EXERCISE REQUIREMENTS:
Only the lines below between the one holding "TECNOEKA Srl hereby" and the one holding "1、在车库选好红色跑车,点击【驾驶】,进入游戏。", inclusive, are to be reproduced word for word; the pictures are to be left out.

RECORDS FOR THIS EXERCISE: Begin

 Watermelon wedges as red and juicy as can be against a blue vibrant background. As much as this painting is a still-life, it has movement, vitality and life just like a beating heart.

RECORDS FOR THIS EXERCISE: End
RECORDS FOR THIS EXERCISE: Begin

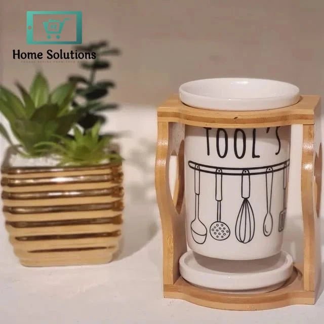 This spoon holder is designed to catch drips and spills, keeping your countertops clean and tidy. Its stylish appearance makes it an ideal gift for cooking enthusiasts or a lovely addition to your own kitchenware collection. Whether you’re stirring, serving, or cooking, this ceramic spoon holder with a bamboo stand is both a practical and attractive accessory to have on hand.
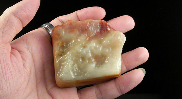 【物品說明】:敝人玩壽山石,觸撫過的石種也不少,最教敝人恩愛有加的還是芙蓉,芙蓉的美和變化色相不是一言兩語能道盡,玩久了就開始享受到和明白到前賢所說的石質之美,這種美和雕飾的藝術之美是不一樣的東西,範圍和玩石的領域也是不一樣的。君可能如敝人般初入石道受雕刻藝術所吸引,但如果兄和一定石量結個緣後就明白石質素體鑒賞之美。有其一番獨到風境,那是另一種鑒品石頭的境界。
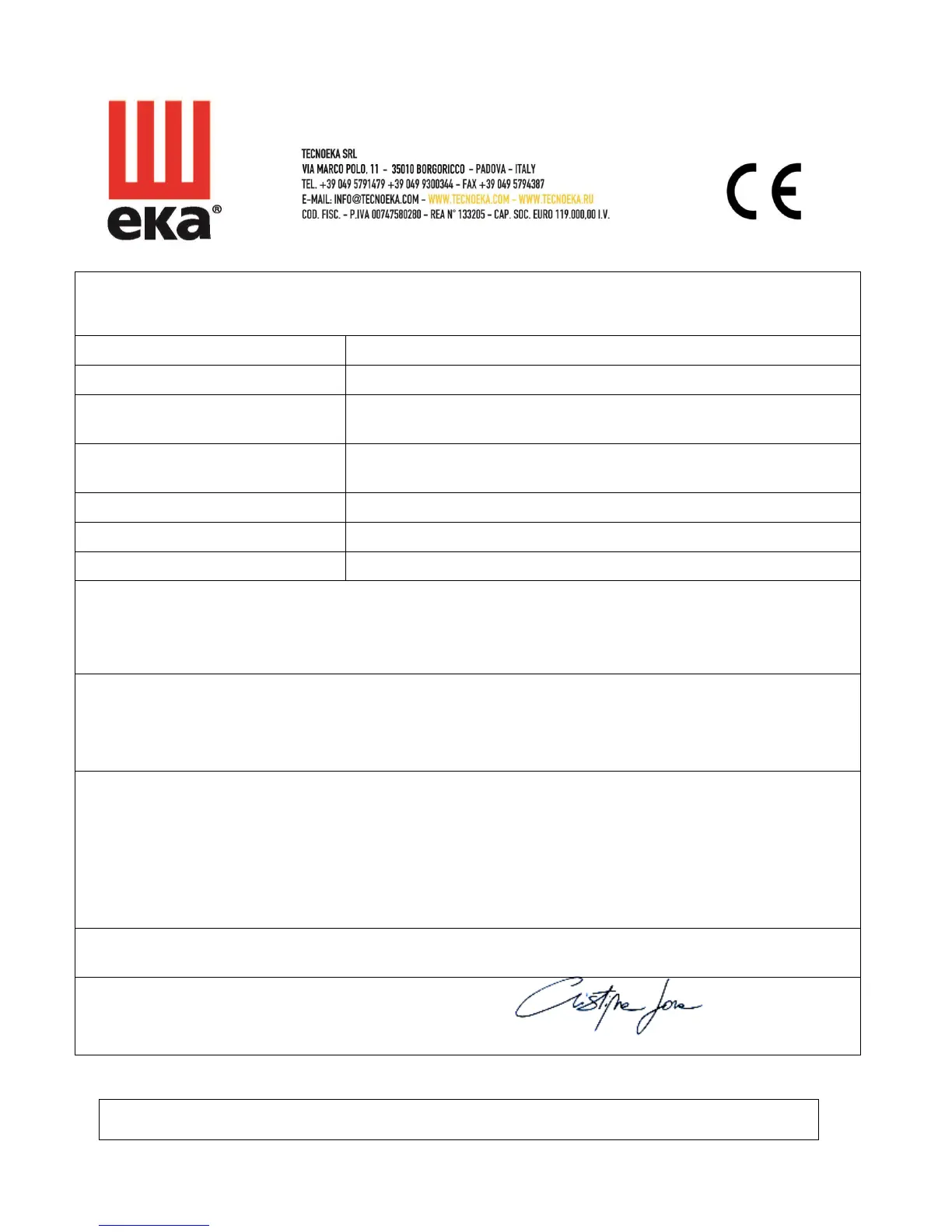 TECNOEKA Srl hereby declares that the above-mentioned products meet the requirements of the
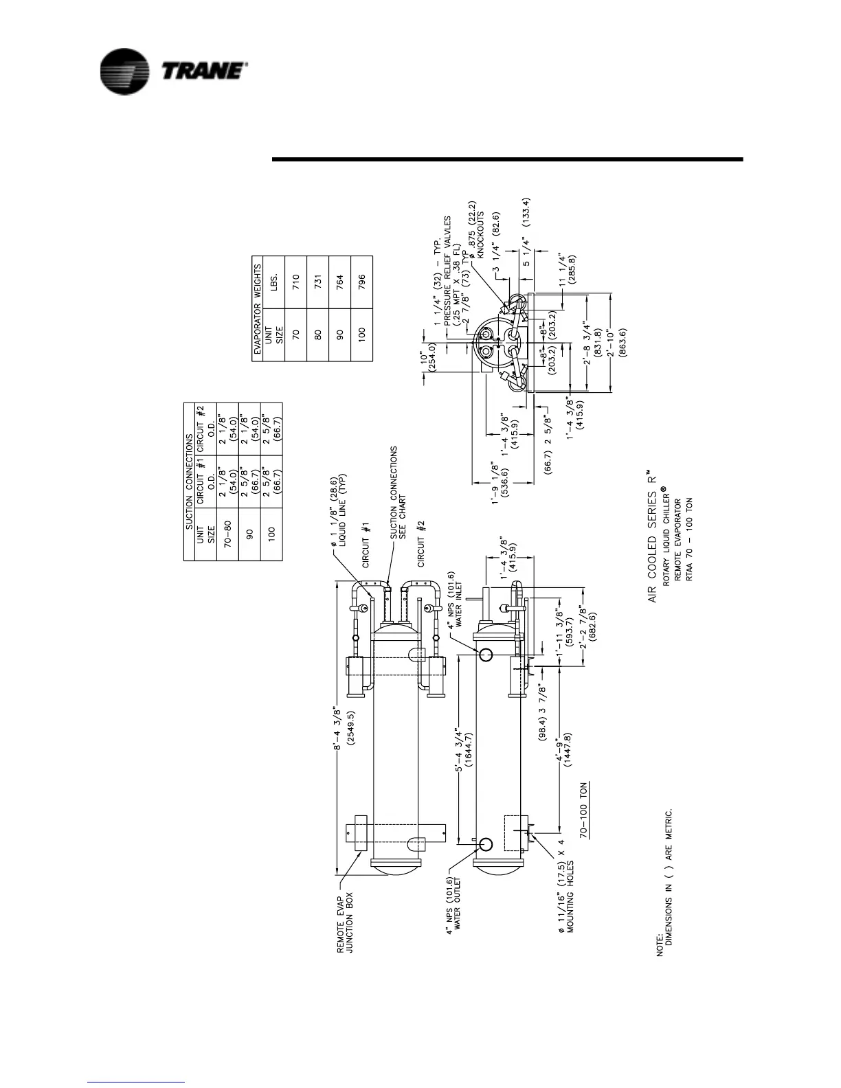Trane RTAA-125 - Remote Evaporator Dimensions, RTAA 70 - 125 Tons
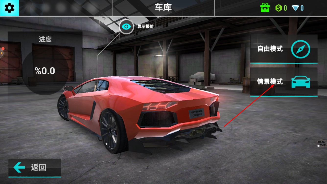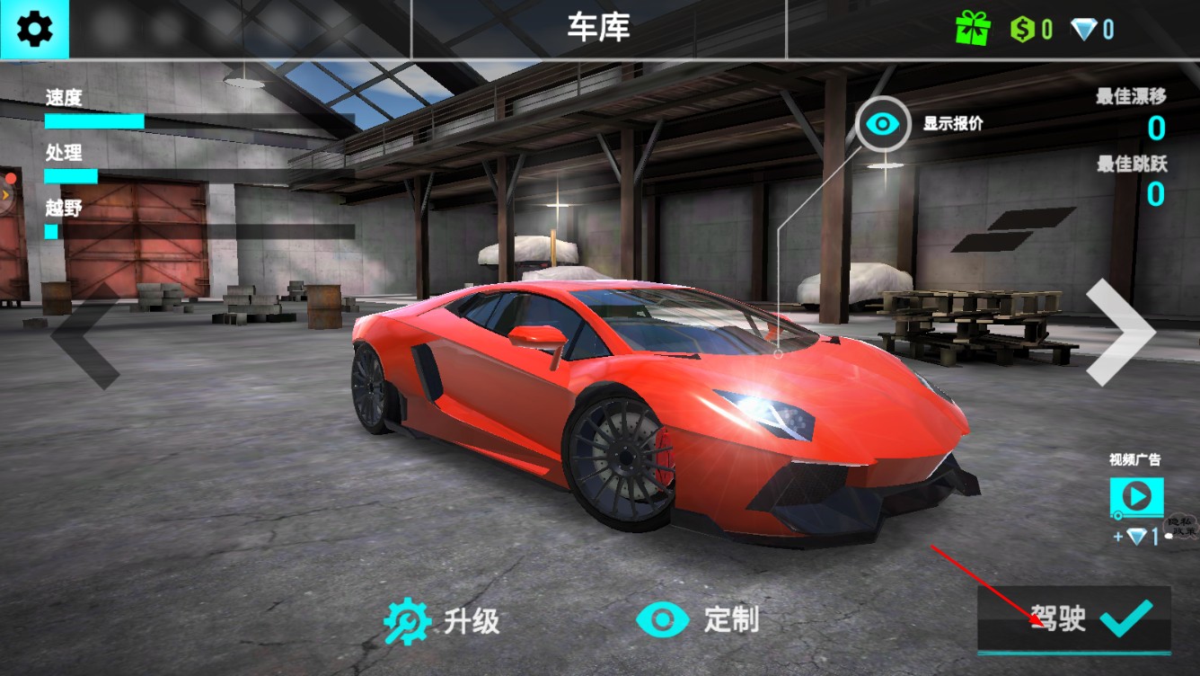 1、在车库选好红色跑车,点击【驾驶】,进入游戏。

RECORDS FOR THIS EXERCISE: End

ANSWER TO THE PROBLEM:
 TECNOEKA Srl hereby declares that the above-mentioned products meet the requirements of the
Trane RTAA-125 - Remote Evaporator Dimensions, RTAA 70 - 125 Tons
 1、在车库选好红色跑车,点击【驾驶】,进入游戏。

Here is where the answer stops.